Many times in medicine, we employ a treatment that accomplishes some beneficial therapeutic goal, only to later find that an unanticipated action of the therapy has caused a significant problem in patients. This doesn't necessarily mean that the employed treatment is bad or should be discarded, only that all effects must be considered, and balanced in the decision about using that therapy.

Indomethacin therapy for PDA is efficacious in closing a patent ductus arteriosus (PDA), but it is not without risks or side effects. Indomethacin, acting by the same mechanisms that lead to ductal closure, alters renal and gastrointestinal perfusion. Its use can result in transient or permanent renal dysfunction (1,2,9). Oliguria is related to the inhibition of two cyclooxygenase enzymes (COX-1 and COX-2), which are involved in the physiologic functioning of the kidney and other tissues (3). Indomethacin also has been associated with the development of necrotizing enterocolitis and gastrointestinal hemorrhage (4).

These acute side effects are important, but the risks are generally thought to be acceptable because of the many benefits of improved cardiovascular status and clinical stability. These benefits are thought to relate to the fact that indomethacin treatment will decrease the incidence of IVH in preterm infants. A large multicenter trial (5) demonstrated that indomethacin decreased both the incidence and severity of IVH, and early low-dose indomethacin improved survival better than placebo.

The long-term effects of this therapy have been the subjects of concern, because indomethacin has been shown to transiently lower cerebral blood flow in preterm infants. The worry has been that while preventing IVH, the risk of brain ischemia could be increased (6). Two important recent studies have examined the long-term effects of indomethacin therapy. The first study involved further follow-up of children enrolled in the large early indomethacin trial (5), followed to school age. These children had been evaluated at age 36 months, at which time there was no evidence of increased cognitive impairment in indomethacin-treated children (7).

The neurodevelopmental assessments of the infants demonstrated the indomethacin-treated children had no adverse neurodevelopmental sequelae as they approached school age. Only 7% of the children suffered cerebral palsy, in both the indomethacin and placebo treated groups. The study did find that 28% of the children did have measured IQ values below the normal, and other measures of subnormal development. It was true that the proportion of children with minor or no developmental handicap was significantly smaller in the indomethacin group, which may translate into better overall development and social skills.
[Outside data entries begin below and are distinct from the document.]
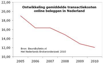 De toenemende concurrentie heeft gezorgd dat dit jaar de tarieven verder zijn verlaagd, wat uiteraard een gunstige ontwikkeling is voor de belegger. Desalniettemin is er nog steeds een groot verschil tussen de aanbieders, voornamelijk veroorzaakt door de toeslagen bij het plaatsen van telefonische orders. De grafiek illustreert de neergaande trend qua kosten voor online beleggen.
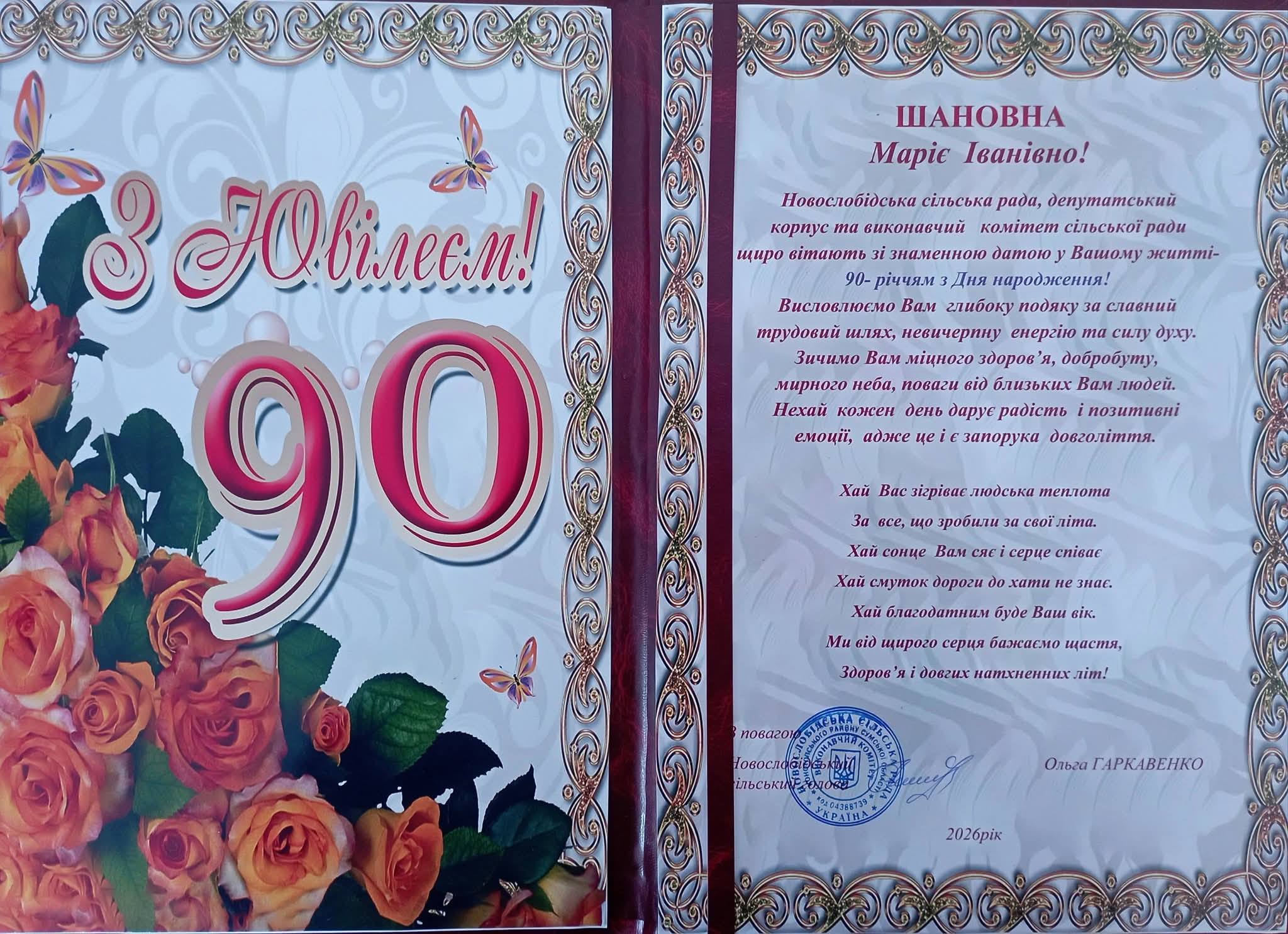 🌹 Бажаємо Марії Іванівні міцного здоров’я та бадьорості духу на довгі літа; душевного спокою та родинного тепла; мирного неба над головою та добробуту у Вашій оселі; щоденної уваги та турботи від дітей, онуків і правнуків.🎉
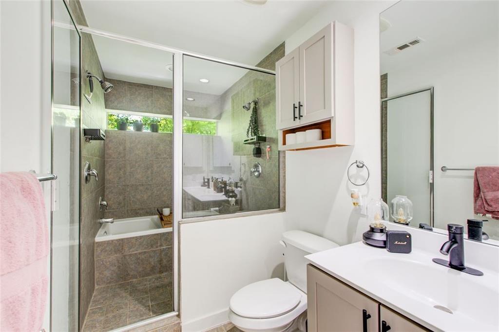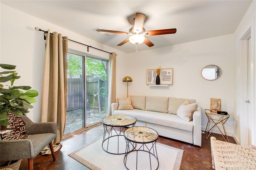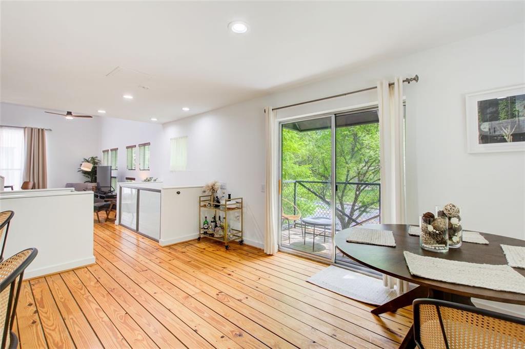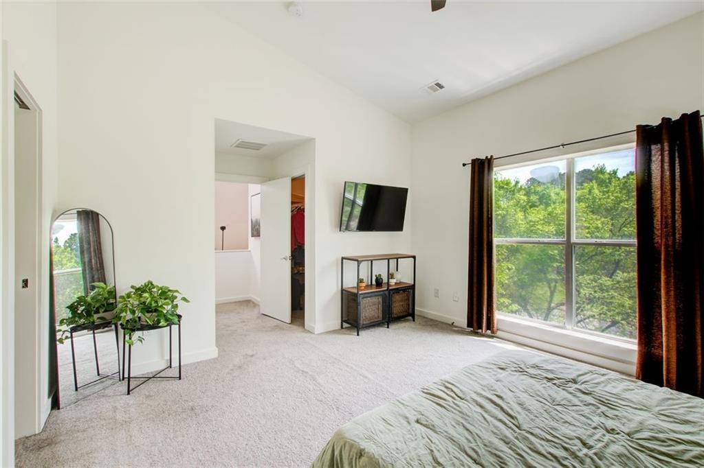 Welcome to this stunning three-story townhome, a bright and spacious end unit nestled in the heart of Atlanta’s vibrant Eastside. Perfectly positioned between Kirkwood and East Atlanta Village, this home blends industrial charm with modern comfort, all within walking distance to Pullman Yards, the BeltLine, Oakhurst, and Downtown Decatur. Spanning over 1,800 square feet, this home offers generous living space across three thoughtfully designed levels. Step inside and be greeted by soaring ceilings over seventeen feet high and breathtaking floor-to-ceiling windows that fill the space with natural light. The main level features rich hardwood floors and an open-concept living area that flows effortlessly into the kitchen, complete with granite countertops, generous cabinetry, and a breakfast bar perfect for casual meals or entertaining. Just off the living area, a private deck awaits for morning coffee or evening grilling. The entire top floor is a serene primary suite retreat, offering plush carpeting, vaulted ceilings, a cozy sitting or office nook, a walk-in closet, and a spa-inspired bathroom with double vanities, a soaking tub, and a separate shower. On the terrace level, polished concrete floors add stylish character to a second bedroom and full bath, with direct access to a beautifully fenced backyard a private patio, ideal for pets, entertaining, or simply unwinding under the stars. A true two-car garage adds both convenience and extra storage. This thoughtfully designed home also boasts a roommate-friendly layout, multiple outdoor living spaces, and no rental restrictions, making it a wonderful choice for homeowners and investors alike. With quick access to I-20, MARTA, and Atlanta’s best dining, shopping, and green spaces, this townhome offers the perfect mix of location, lifestyle, and charm. Come see what makes this Eastside gem so special
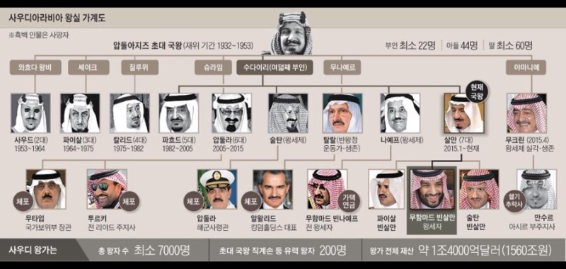 사우디 법에는 형제상속을 강제하는 규정은 없으나 초대 국왕인 이븐사우드가 호족과의 정략결혼으로 세력을 키워 1932년 사우디 왕국을 창건하면서 결혼한 부인이 23명, 아들은 45명에 달했습니다.
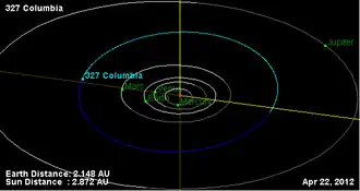 1. ^ a b c d e f "JPL Small-Body Database Browser: 327 Columbia" (2016-11-07 last obs.). Jet Propulsion Laboratory. Retrieved 6 February 2017.

In the second study (8), infants of birth weights between 500 and 999g were randomized to receive either indomethacin or placebo daily for three days. The risk of death or survival with impairments was equal in both groups. The indomethacin treated group had a significantly lower incidence of patent ductus arteriosus and of severe periventricular and intraventricular hemorrhage (IVH/PVH), but the incidence of white matter injury was not changed. It appears that this white matter injury correlates with the observed neurologic impairments. Because the overall incidence of severe IVH/PVH was low in both groups (9% in the indomethacin group and 13% in the placebo group), the small absolute reduction in incidence did not significantly alter or lower the overall risk of neurologic impairment. The authors caution that while prophylactic indomethacin can be done safely and in an efficacious manner, there is no apparent protection from neurologic impairments.